» Activity:
Restate the listing that follows word for word, without its pictures.

» Dataset content:
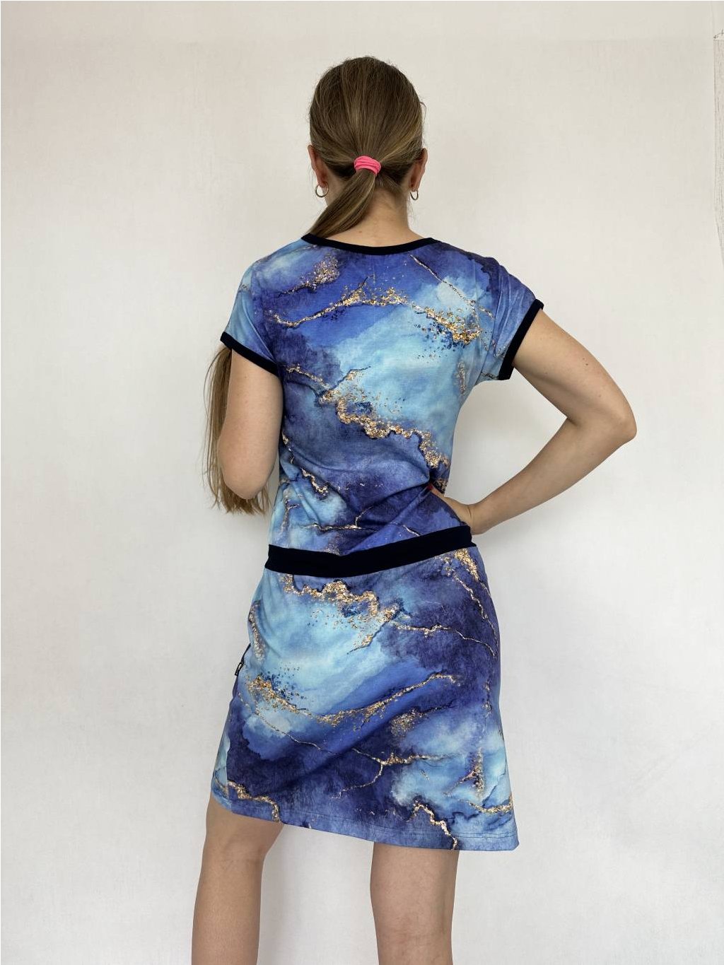 - Šaty Iris mají výstřih lemovaný kontrastním úpletem
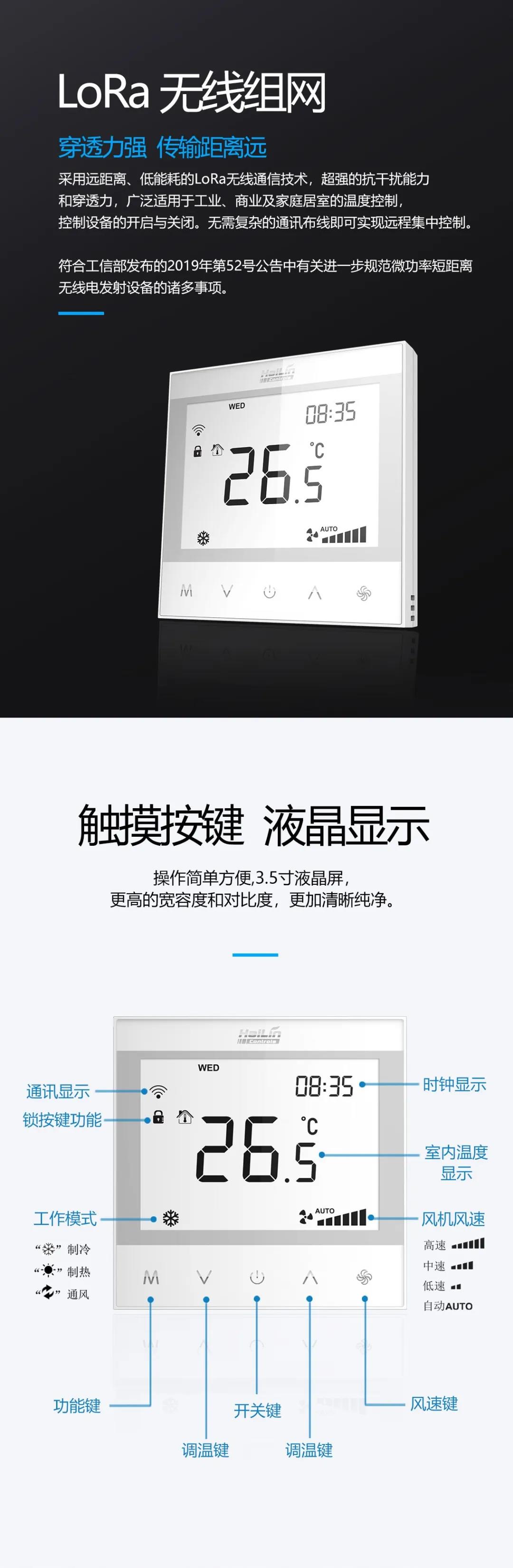 海林最新推出的HL7031無線LoRa溫控器,是溫控器與LoRa無線模塊的結(jié)合,適用于工業(yè)、商業(yè)及家庭居室的溫度控制,同時(shí)應(yīng)用在樓宇集中控制系統(tǒng)中。
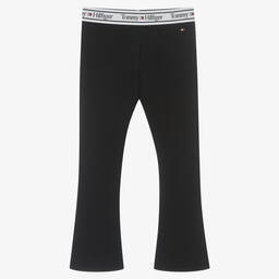 A cool red pair of leggings for girls by American brand Tommy Hilfiger, made in soft and stretchy cotton jersey with a looped underside. They have slightly flared legs, a stretchy logo waistband, and a signature flag logo embroidered on the front.
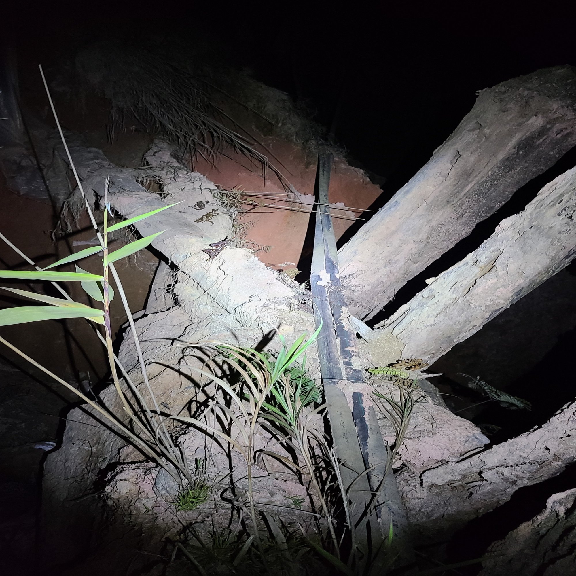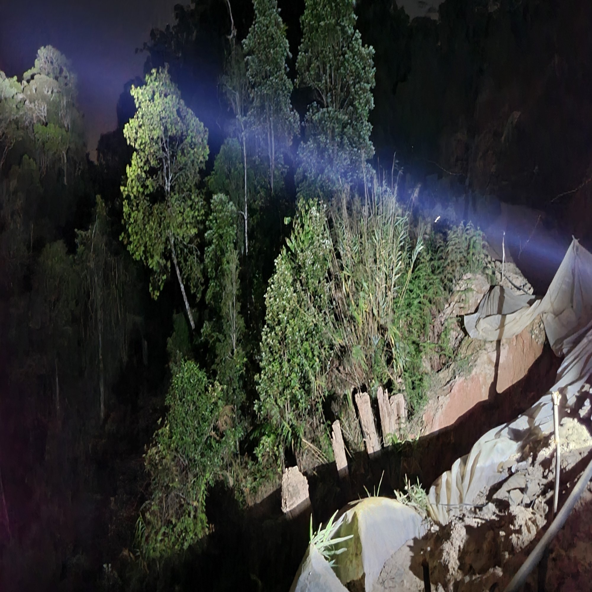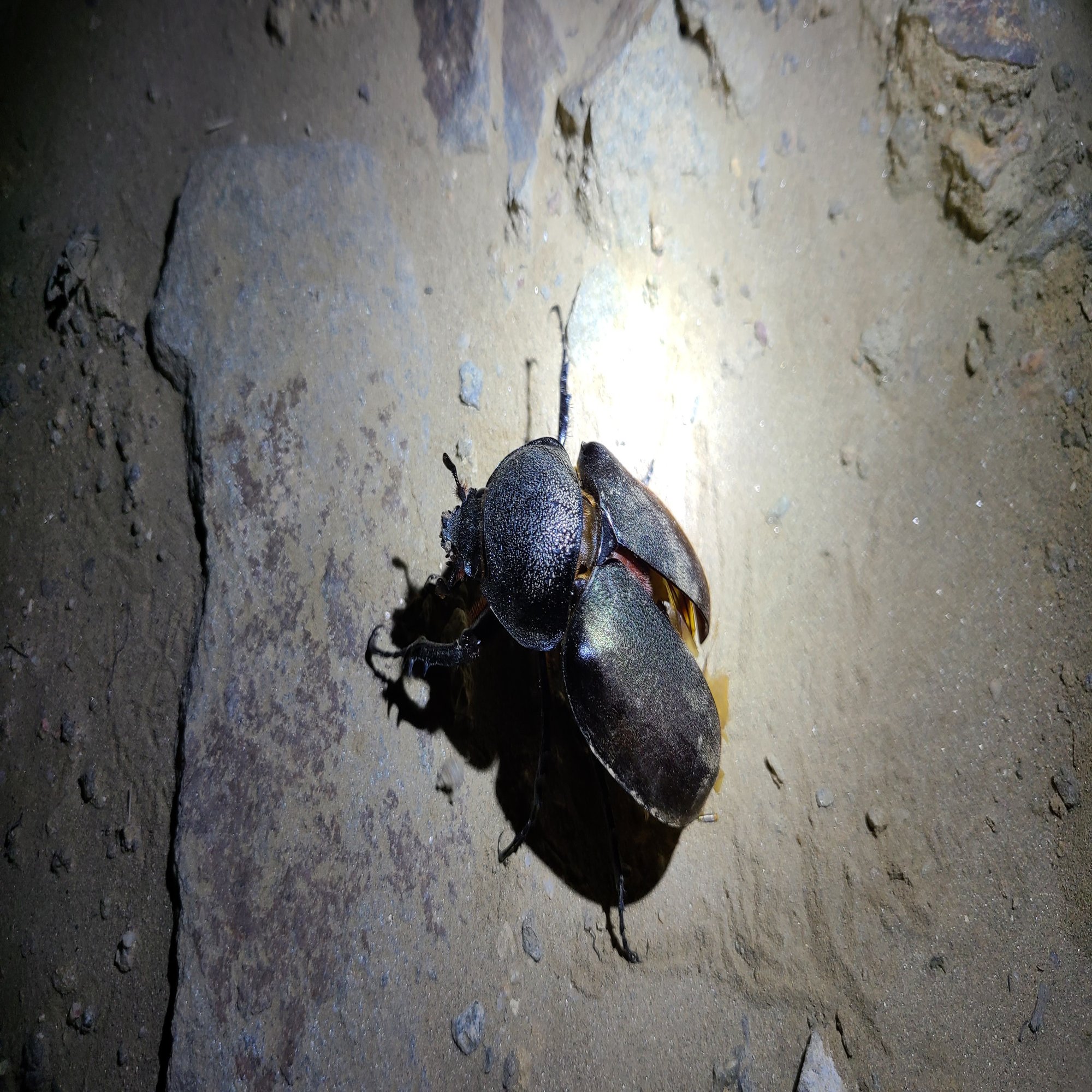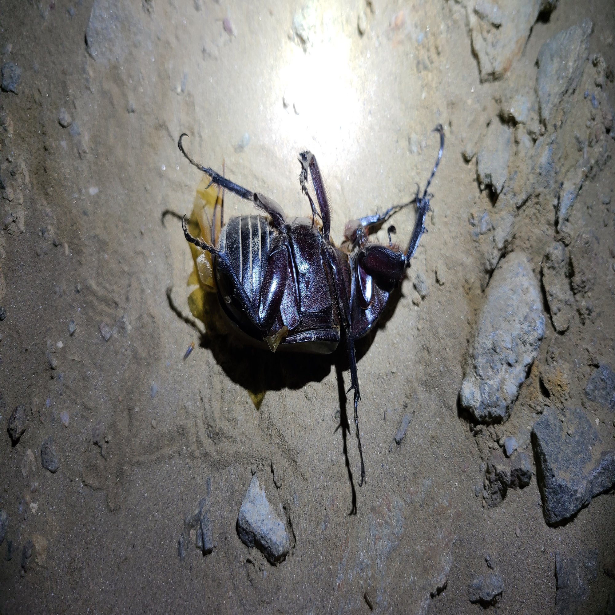いきなり崖の下の方からバカでかい音の羽音が聞こえてきました。さらに崖の方をハンディライトで照らすと2匹の虫がなにやらライトへ向かって暴れながら飛来中…

» Task response:
 - Šaty Iris mají výstřih lemovaný kontrastním úpletem
 海林最新推出的HL7031無線LoRa溫控器,是溫控器與LoRa無線模塊的結(jié)合,適用于工業(yè)、商業(yè)及家庭居室的溫度控制,同時(shí)應(yīng)用在樓宇集中控制系統(tǒng)中。
 A cool red pair of leggings for girls by American brand Tommy Hilfiger, made in soft and stretchy cotton jersey with a looped underside. They have slightly flared legs, a stretchy logo waistband, and a signature flag logo embroidered on the front.
いきなり崖の下の方からバカでかい音の羽音が聞こえてきました。さらに崖の方をハンディライトで照らすと2匹の虫がなにやらライトへ向かって暴れながら飛来中…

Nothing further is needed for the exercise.